Sample size calculations were based upon a rule of thumb of 8 failure events per variable entered into the model (Vittinghoff and McCulloch 2007), assuming a failure rate of 30%. A sample size of 176 patients will have 80% power to detect a significant effect for 6 variables, allowing for up to 10% cohort protocol non-compliance and a two-sided alpha of 0.05. The failure rate is estimated from Gauci et al (2018), which described clinical outcomes after anatomic TSA in a series of 69 patients.

Preliminaries

The flow of patients through entry into the cohort and analysis will be displayed in a flow diagram as per STROBE guidelines (Strengthening The Reporting of Observational Studies in Epidemiology) (Figure 6) (Vandenbroucke et al. 2007). The number of exclusions and loss to followup will be noted from screening, data collection and analysis phases.

Data collection and follow-up

As per registry methods. Approval is also sought to invite patients who have not previously consented to participate in research to return patient reported outcome measures for the purposes of this study.

Variations from Cohort core dataset: No

Data Integrity

Initial statistical analysis will include examining data consistency and examining outliers in more detail.
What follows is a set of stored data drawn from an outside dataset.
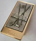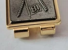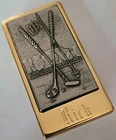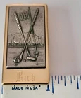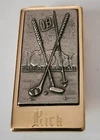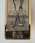 This vintage Anson money clip has a unique pewter-look golf design. It is in gold and silver (pewter) tones. It is personalized and perfect for the golf enthusiast named Rick. The clip is 2 inches in length and 15/16 inch in width, with a color of gold and unknown material. It is a pre-owned item. The money clip is from the Men's Accessories section. It is a great addition for someone you love named "Rick" s golf-themed collection. The country or region of manufacture is unknown. This Anson money clip is a must-have for any stylish and fashionable man who loves golf. It's very durable and is Anson quality. It is pre-owned and has not been cleaned. It has areas that show age. These do not affect the use of the clip. Some may be cleaned or buffed out. But look at the pictures carefully and consider them part of the condition description. Please ask any questions before buying Thank you for looking.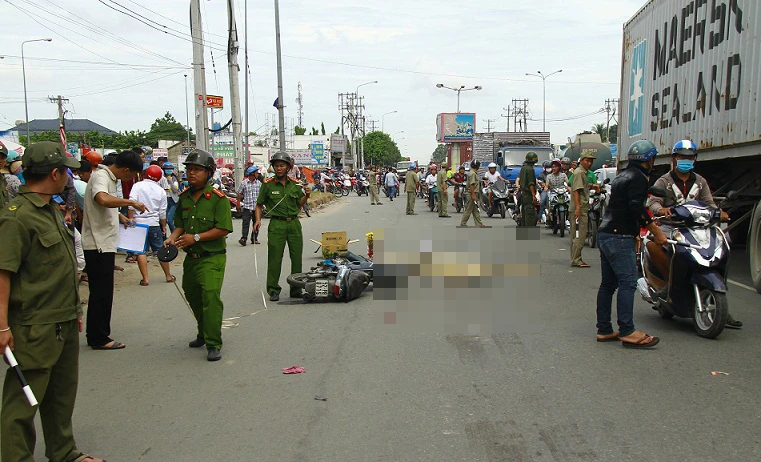 Tại hiện trường, xe container dừng cách hiện trường khoảng 200 m, thi thể nạn nhân nằm bên cạnh xe máy. Mũ bảo hiểm và dép của các nạn nhân rơi ra đường. Nguyên nhân đang được lực lượng chức năng điều tra làm rõ.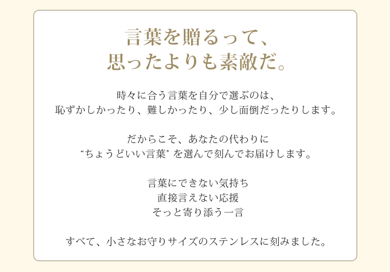 ランダムで一言メッセージを刻印してお届けいたします。
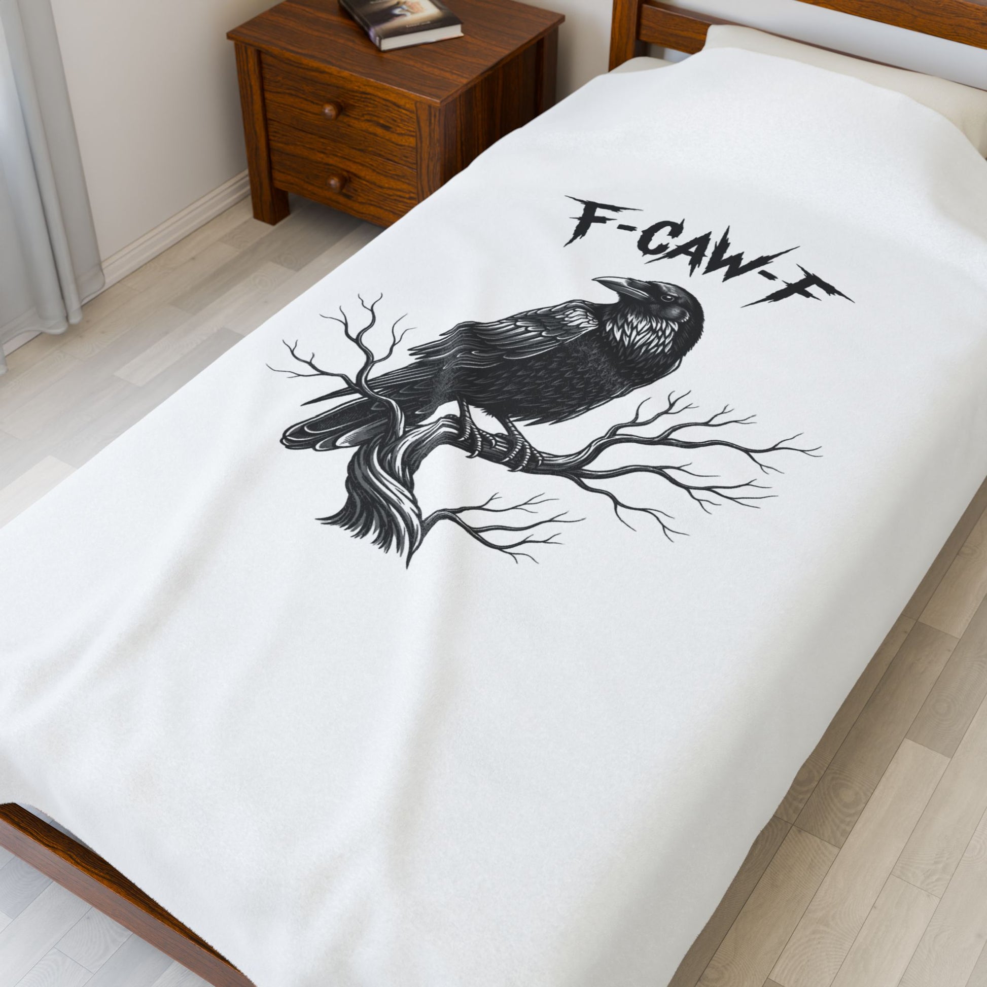 Cawing Raven Plush Blanket | Soft Throw for Cozy Nights, Home Decor, Gifts for Bird Lovers, Halloween Decor, Rustic Living

Where outliers in patient reported outcomes, surgical or clinical information are identified, source material will be examined and transcription errors rectified. Where the source material contains an outlier value, a decision will be made regarding the validity of the value. This will be reported in the published results and the datum excluded from further analysis if required.
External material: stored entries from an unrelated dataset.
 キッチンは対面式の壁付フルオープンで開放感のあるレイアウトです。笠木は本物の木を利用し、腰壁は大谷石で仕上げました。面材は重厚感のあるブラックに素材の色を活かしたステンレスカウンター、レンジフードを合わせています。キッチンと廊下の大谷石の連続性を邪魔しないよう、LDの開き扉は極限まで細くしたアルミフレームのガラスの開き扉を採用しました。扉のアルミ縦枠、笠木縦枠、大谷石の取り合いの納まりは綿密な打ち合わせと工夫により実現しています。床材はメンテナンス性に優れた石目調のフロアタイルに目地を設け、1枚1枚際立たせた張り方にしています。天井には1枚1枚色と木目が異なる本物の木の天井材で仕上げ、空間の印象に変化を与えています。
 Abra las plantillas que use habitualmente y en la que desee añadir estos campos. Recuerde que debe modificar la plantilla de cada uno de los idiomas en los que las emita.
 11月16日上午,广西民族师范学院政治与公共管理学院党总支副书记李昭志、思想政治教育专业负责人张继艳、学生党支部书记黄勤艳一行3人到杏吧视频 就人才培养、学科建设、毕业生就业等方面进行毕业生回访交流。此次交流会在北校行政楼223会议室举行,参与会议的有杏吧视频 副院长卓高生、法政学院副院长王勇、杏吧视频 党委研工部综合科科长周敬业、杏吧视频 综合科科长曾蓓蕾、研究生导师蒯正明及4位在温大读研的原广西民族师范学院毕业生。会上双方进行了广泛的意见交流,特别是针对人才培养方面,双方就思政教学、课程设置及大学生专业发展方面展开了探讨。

As per Section 3 - quality management

Handling missing data

Missing data will be identified during the initial data quality assessment. Missing data identified in the electronic registry database will be investigated in the original source material where available. In patients with missing data who are eligible for follow-up, attempts will be made to contact the patient (mail and phone) to complete patient-reported outcomes. When the number of patients required to achieve 80% follow up at a minimum of 1 year has been achieved, missing data rates will be reported.

Analyse randomness of missing data (check)

Variables

As per cohort CDS

Outcomes

The proportion of patients labelled as “ongoing” in surgical status, having met the criteria for surgical success.

Surgery/management

As per cohort core dataset

Demographics and baseline characteristics

As per cohort core dataset

Analyses

Principles (incl. blinding)

Randomisation not applied to the analyses. Analyses will be performed with de-identified data (single-sided blinding)

Primary Questions

An analysis request will be submitted to the AOA National Joint Registry to extract all patients meeting the above criteria operated on by the principal investigators with a Kaplan-Meier survival analysis to report procedure survival to maximum of 15 years. 95% confidence intervals will be used to compare results between the study cohort and all other procedures logged in the registry with the same implant performed by other surgeons in Australia.
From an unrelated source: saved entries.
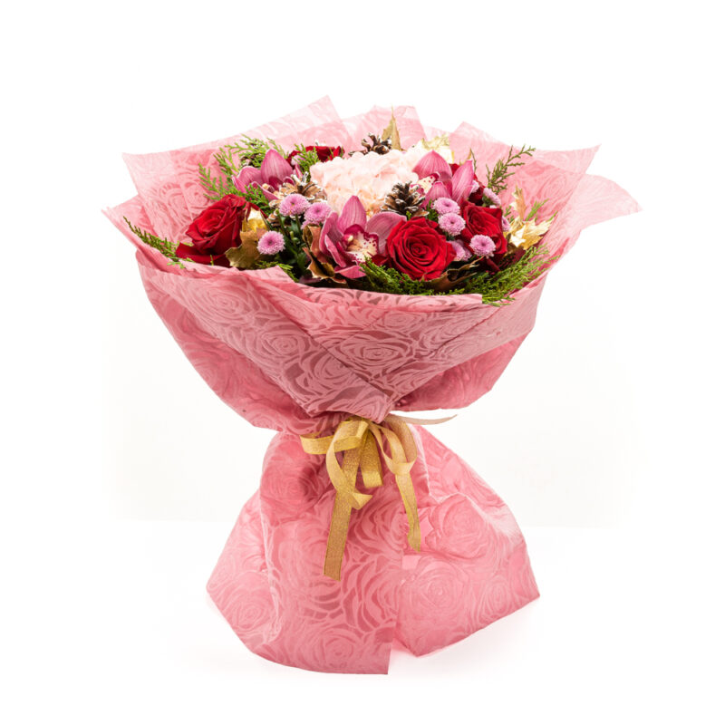 Fresh, seasonal flowers, pine cones and foliage in a bouquet. In red, pink and golden colouring.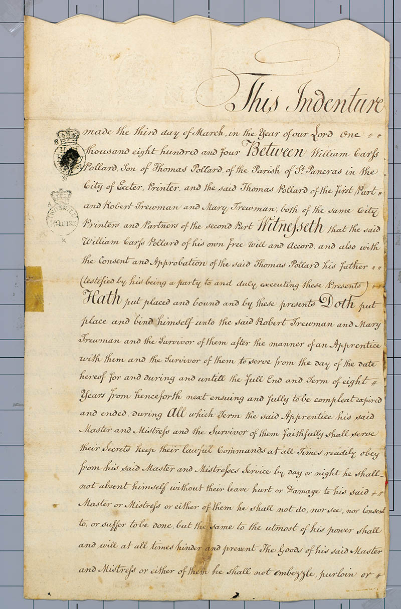 In the early 1800s, Exeter continued to benefit from wealth generated by the wool trade. The period was characterised by a ‘spirit of improvement’ when the implications of science, reason and the Enlightenment began to be felt. William Carss Pollard, son of Thomas, completed his own training in 1812 and was able to establish William Pollard & Co a little later. He was an original ‘subscriber’ of the Devon and Exeter Institution (DEI) where new ideas were recorded, shared and debated. Early books printed by Pollards are still preserved there.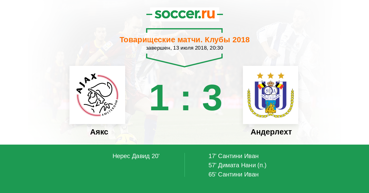 Протокол матча Аякс против Андерлехт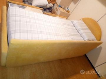 "Vendo letto singolo imbottito, marca Spima, completamente sfoderabile,rete a doghe, due cassetti estraibili alla base,no materasso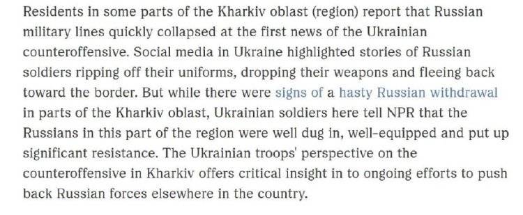 另据美国国家公共广播电台2022年9月29日报道,尽管有迹象表明俄罗斯在哈尔科夫州部分地区仓促撤退,但这里的乌克兰士兵表示,该地区的俄罗斯军队已经做好了充分准备,装备精良,并进行了顽强的抵抗。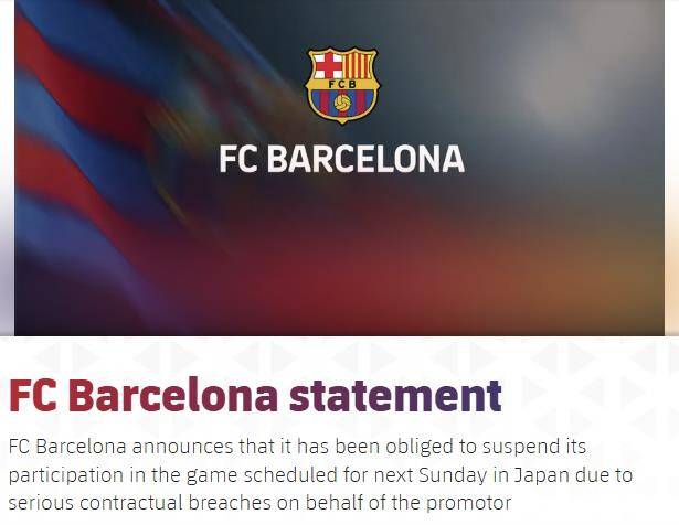 사유는 계약 위반이다. 바르셀로나는 '프로모터가 중대한 계약 위반을 저질렀다'고 했다. ESPN은 '계약 위반은 바르셀로나가 경기에 참여하는 대가로 주최 측이 약속한 금액과 관련이 있다'고 전했다.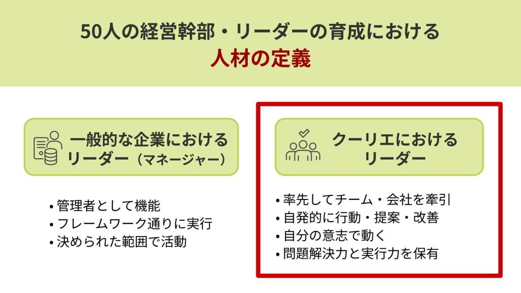 「50人の経営幹部・リーダーの育成」というのは、クーリエの今後を担う、「問題解決ができ・実行力のある・意思を持った」人材の育成、輩出を推進する組織戦略です。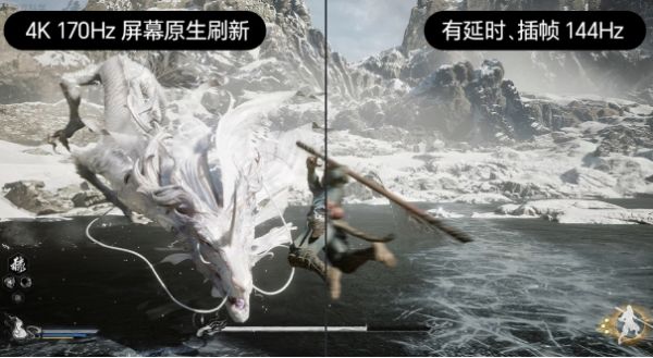 对游戏玩家而言,画质的高刷新率非常重要。海信E8Q Pro支持原生4K 170Hz高刷,动态刷新率达330Hz,配合极光瞬影引擎,实现背光与响应时间的完美同步。在实际游戏体验中,比如玩《黑神话:悟空》时,面对亢金龙关卡密集的落雷攻击,超低延迟和无拖影特性让玩家能精准闪避。即便亢金龙快速移动或腾空,画面依然流畅稳定,不会出现撕裂,还能清晰展现龙鳞等细节,带来沉浸式游戏体验。
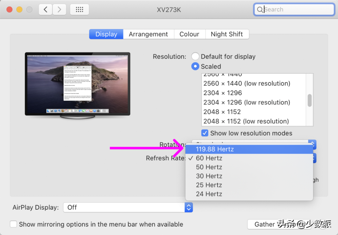 完整重启进入 macOS,此时显示模式默认设置为 60Hz;进入「系统设置 » 显示」;按住「Alt / Option」按键时(⌥ 按键),选择分辨率下的「缩放」;这里为什么是 119.88Hz 而不是 120Hz 呢?我也不知道,但看起来工作方式都是一致的。为什么 macOS 不能记住这一选项呢?我也不知道。为什么我得把显示器关闭再打开才能让 macOS 识别到 120Hz 呢?我也不知道!最重要的问题是,这个 120Hz 的选项不一定总会出现,但是经过这里的一系列操作之后,它可能会识别到 120Hz 的选项,而且如果一旦识别到了,那大概率设置上就好了。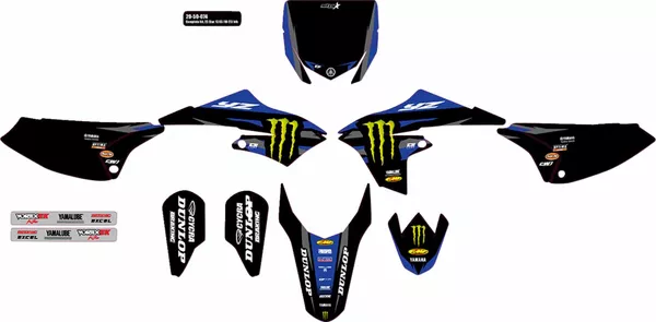 - Incluye adhesivos para cubre-radiadores, depósito, panel portanúmero, caja filtro de aire, protectores inferiores de horquillas, guardabarros delantero, guardabarros trasero y basculante

Outlier analysis and normality will be assessed prior to a descriptive analysis of patient-reported outcomes using appropriate measures of central tendency (mean, median) and variability (95% confidence intervals). Patient-reported outcomes will be summarised using descriptive statistics as appropriate to data type (continuous, categorical). Binary logistic regression will be used to determine the association of demographic, anatomical, pathology and management factors to surgical success at a minimum of 1 year follow up.